Record set:
▬▬▬▬▬▬▬▬▬▬
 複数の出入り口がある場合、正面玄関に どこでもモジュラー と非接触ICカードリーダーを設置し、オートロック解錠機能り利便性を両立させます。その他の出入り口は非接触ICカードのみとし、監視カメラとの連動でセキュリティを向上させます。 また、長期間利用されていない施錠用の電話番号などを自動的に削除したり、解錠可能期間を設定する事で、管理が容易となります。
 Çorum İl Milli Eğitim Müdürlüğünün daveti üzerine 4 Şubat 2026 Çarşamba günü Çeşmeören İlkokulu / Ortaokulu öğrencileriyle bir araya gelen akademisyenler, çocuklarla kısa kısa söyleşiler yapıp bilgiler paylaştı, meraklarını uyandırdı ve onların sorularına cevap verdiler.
▬▬▬▬▬▬▬▬▬▬
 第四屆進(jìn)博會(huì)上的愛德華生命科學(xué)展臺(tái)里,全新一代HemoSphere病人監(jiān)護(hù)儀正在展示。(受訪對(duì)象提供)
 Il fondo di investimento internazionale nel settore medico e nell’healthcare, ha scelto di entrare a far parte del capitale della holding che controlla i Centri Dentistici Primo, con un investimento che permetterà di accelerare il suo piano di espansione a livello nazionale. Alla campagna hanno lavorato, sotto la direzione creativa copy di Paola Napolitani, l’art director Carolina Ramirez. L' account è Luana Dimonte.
▬▬▬▬▬▬▬▬▬▬
Task requirements: The response must hold only the lines above from the line with "第四屆進(jìn)博會(hu" through the line with "Il fondo di", each copied exactly, both ends kept.

Your response:
 第四屆進(jìn)博會(huì)上的愛德華生命科學(xué)展臺(tái)里,全新一代HemoSphere病人監(jiān)護(hù)儀正在展示。(受訪對(duì)象提供)
 Il fondo di investimento internazionale nel settore medico e nell’healthcare, ha scelto di entrare a far parte del capitale della holding che controlla i Centri Dentistici Primo, con un investimento che permetterà di accelerare il suo piano di espansione a livello nazionale. Alla campagna hanno lavorato, sotto la direzione creativa copy di Paola Napolitani, l’art director Carolina Ramirez. L' account è Luana Dimonte.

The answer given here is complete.